California has seen other major insurers pull back on property coverage in
the nation’s most populous state as climate change makes wildfires, floods
and windstorms more common and damaging.

Of the top 20 most destructive wildfires in state history, at least 15
occurred since 2015. The data did not include the Los Angeles area fires
this week.

In 2023, seven of the 12 largest insurance companies by market share in
California either paused or restricted issuing new policies in the state.

That has made it extremely difficult for homeowners in high-risk areas to
obtain or afford insurance.

What happens to residents who can’t get regular home insurance?
California homeowners in wildfire-prone areas either go without insurance
or join the Fair Access to Insurance Requirements (FAIR) Plan, which the
state created as a last resort for homeowners who couldn’t find insurance.

Many people purchase the FAIR Plan to satisfy their mortgage requirements,
but the policies only cover basic property damage and carry a $3 million
limit.
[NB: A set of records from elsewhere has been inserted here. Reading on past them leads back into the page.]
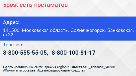 5post, сеть постаматов по адресу 141506, Московская область, Солнечногорск, Банковская, ст32 в дальнейшем Организация, размещена в следующих категориях: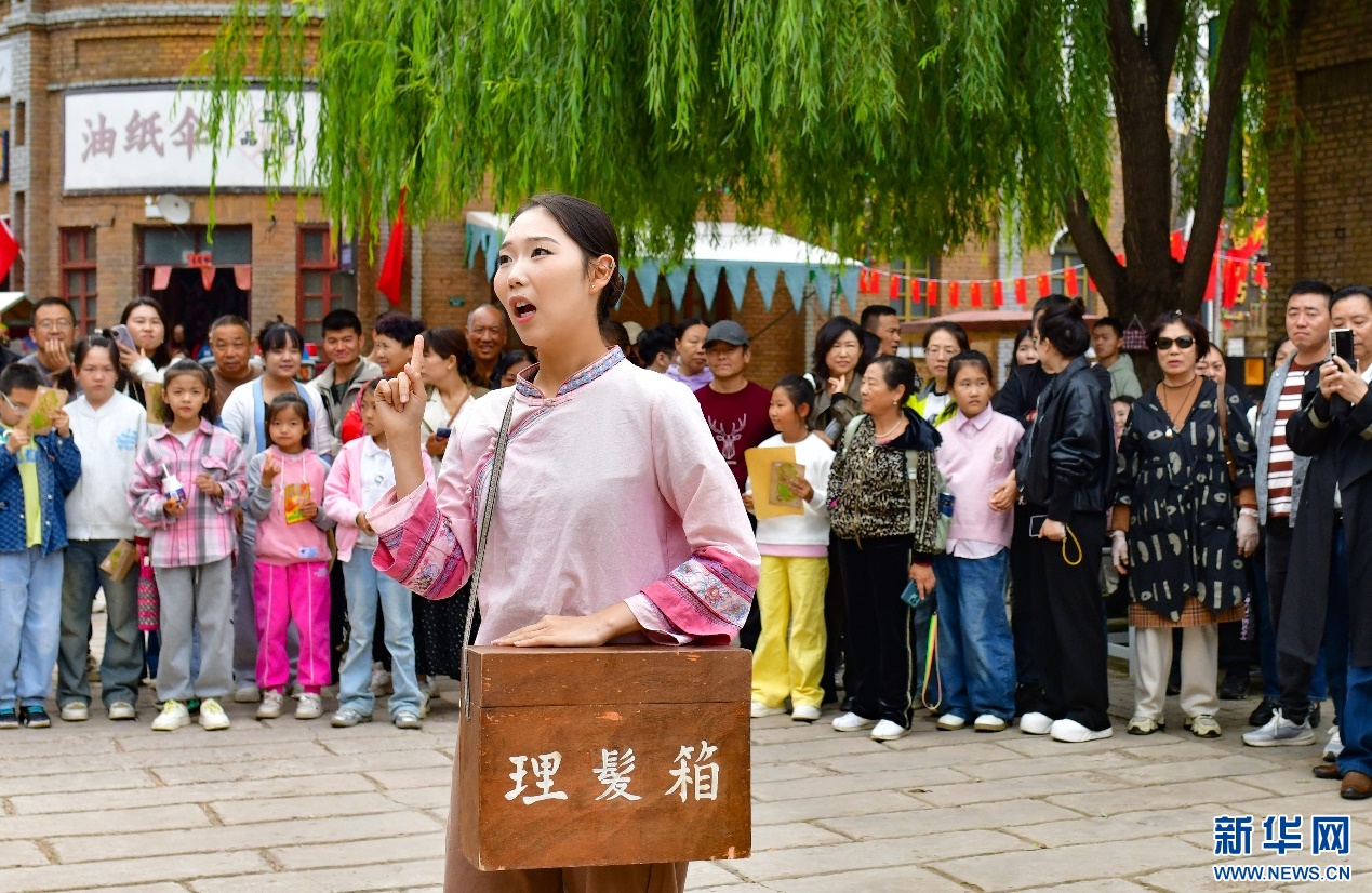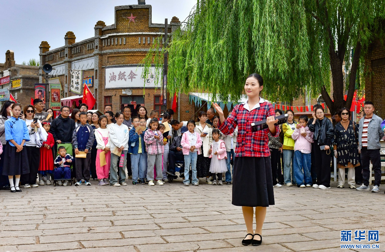 国庆中秋假期,内蒙古鄂尔多斯市伊金霍洛旗鄂尔多斯文化产业园依托园区内影视拍摄基地,推出沉浸式电影场景,讲述红色故事,展现不同历史时期的百姓生活场景,吸引众多游客前来观赏度假。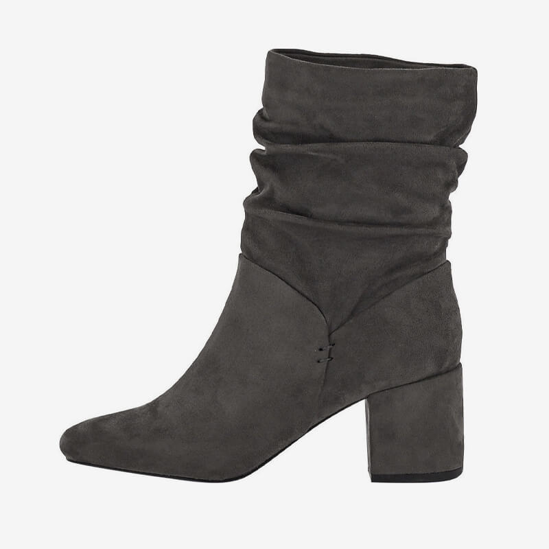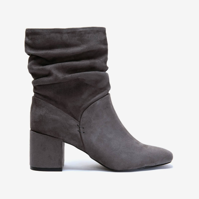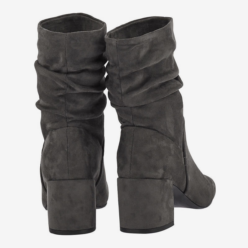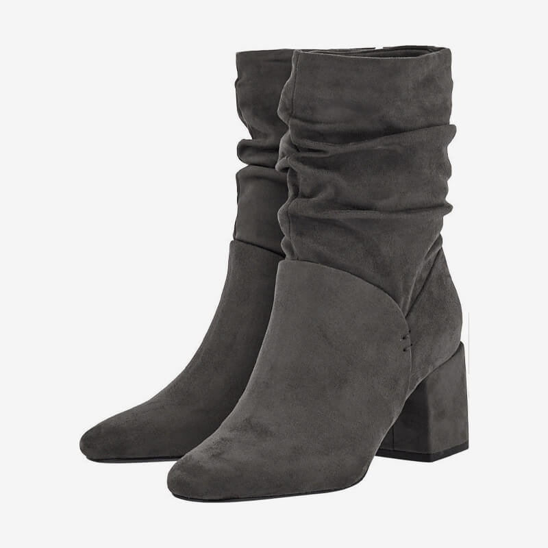 Μποτάκι με σούρα της Exe από suede σε γκρι χρώμα. Μία άνετη μπότα για κάθε μέρα.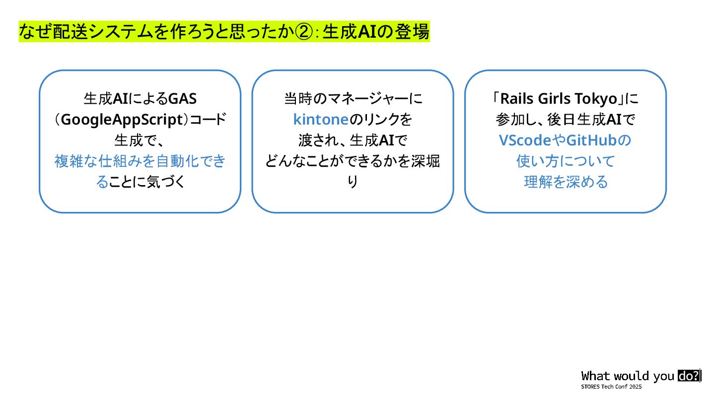 渡され、生成AIで どんなことができるかを深堀 り 「Rails Girls Tokyo」に 参加し、後日生成AIで VScodeやGitHubの 使い方について 理解を深める なぜ配送システムを作ろうと思ったか②:生成AIの登場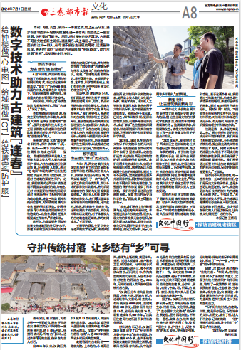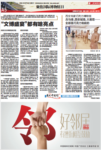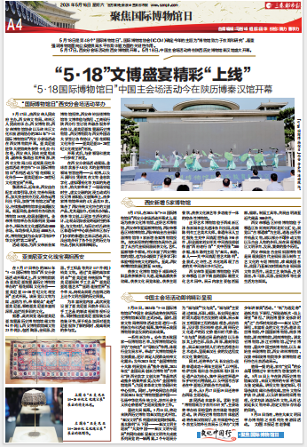 三秦都市报于4月19日起在报网端同步开设《文化中国行》专栏专题,以及“探访古建筑老街区”“探访传统村落”等子栏目。围绕国际博物馆日,报网端同步开设《文化中国行·聚焦国际博物馆日》专题,三秦网、秦闻客户端连续8天策划推出《文化中国行·高校探“宝”》系列短视频产品,用镜头生动讲述深藏高校的文化宝藏,弘扬中华优秀传统文化。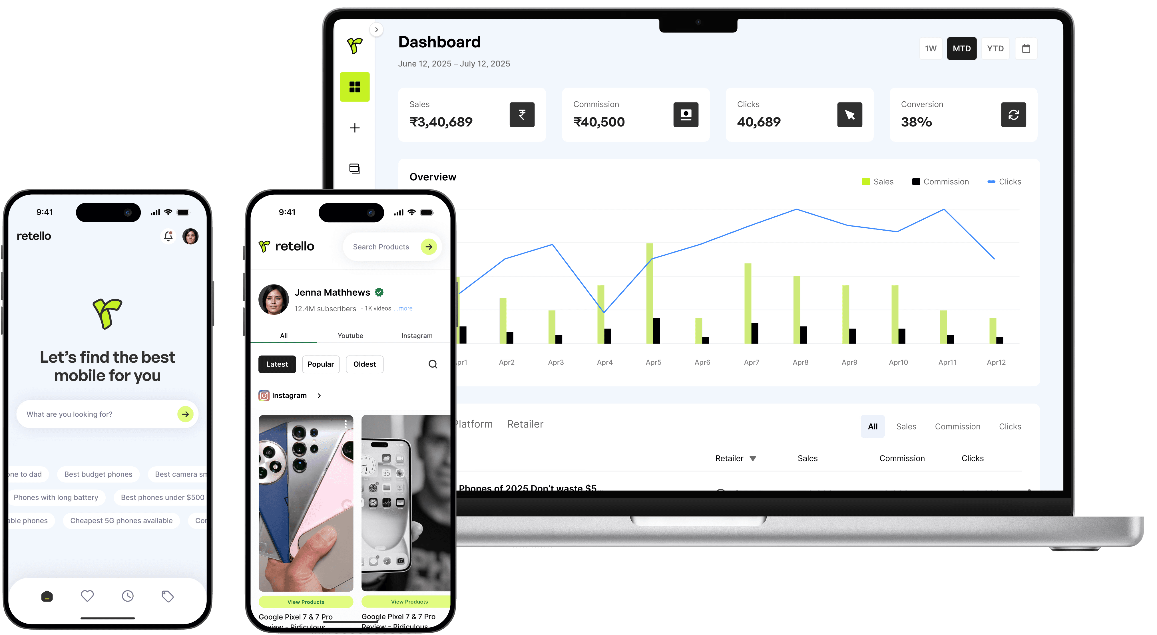 Retello.ai helps users go from intent to purchase with comparisons and retailer offers. The phase 1 included a consumer MVP with a creator platform as the GTM engine with tools that let creators publish videos.

Given the value of the real estate involved and the limited
coverage, FAIR Plan policyholders who lost homes in this week’s fires may
struggle to be made whole.

The policies can be very bare bones, with some options only covering the
actual cash value of what was lost rather than the true replacement costs,
said Amy Bach, executive director of the consumer advocacy group United
Policyholders.

The plan was designed to be a temporary solution, but more Californians
are relying on it than ever. The number of FAIR residential policies
issued in the state more than doubled between 2020 and 2024, reaching
nearly 452,000 policies.

Could claims from the LA fires push the FAIR Plan into insolvency?
Policies sold to FAIR customers primarily fund the plan, but insurers
would have to pay into the fund if it becomes insolvent or to keep it from
insolvency. Under a new state rule, insurers could ask the state to
approve rate increases to recoup the money spent on bailing out the FAIR
Plan.

FAIR Plan spokesperson Hilary McLean said it could take years to tally
total losses from the Los Angeles area fires. While it’s too soon for
reliable loss estimates, the FAIR Plan anticipates being able to pay out
claims from the wildfires, McLean said.

“We are aware of misinformation being posted online regarding the FAIR
Plan’s ability to pay claims,” she said in a statement. ”The FAIR Plan has
payment mechanisms in place, including reinsurance, to ensure all covered
claims are paid.”

The plan has roughly $700 million in cash on hand and about $2.5 billion
in reinsurance, according to testimony given to California lawmakers last
year.

The mean home value in Pacific Palisades and its surrounding areas hovers
around $3.3 million, according to real estate company Redfin. Owners of
the most valuable properties probably are not relying on the FAIR Plan
because of the coverage limit, said Jamie Court, president of nonprofit
organization Consumer Watchdog.

The claims from the fires will be significant, Court said, “but this is
not enough to put the industry out of business or the FAIR Plan out of
business.”

On Thursday state lawmakers introduced a bill that would give the FAIR
Plan the ability to seek “catastrophe bonds” if it faces liquidity
challenges.

How has California responded to the insurance crisis?
In a new tactic, state officials undertook a yearlong overhaul to give
insurers more latitude to raise premiums in exchange for more issuing
policies in high-risk areas.

A new regulation that took effect this month allows insurers to consider
climate change when setting their prices. California previously did not
let insurance companies factor in current or future risks when deciding
how much to charge. Many companies cited the restriction as their reason
for retreating from the state’s insurance market.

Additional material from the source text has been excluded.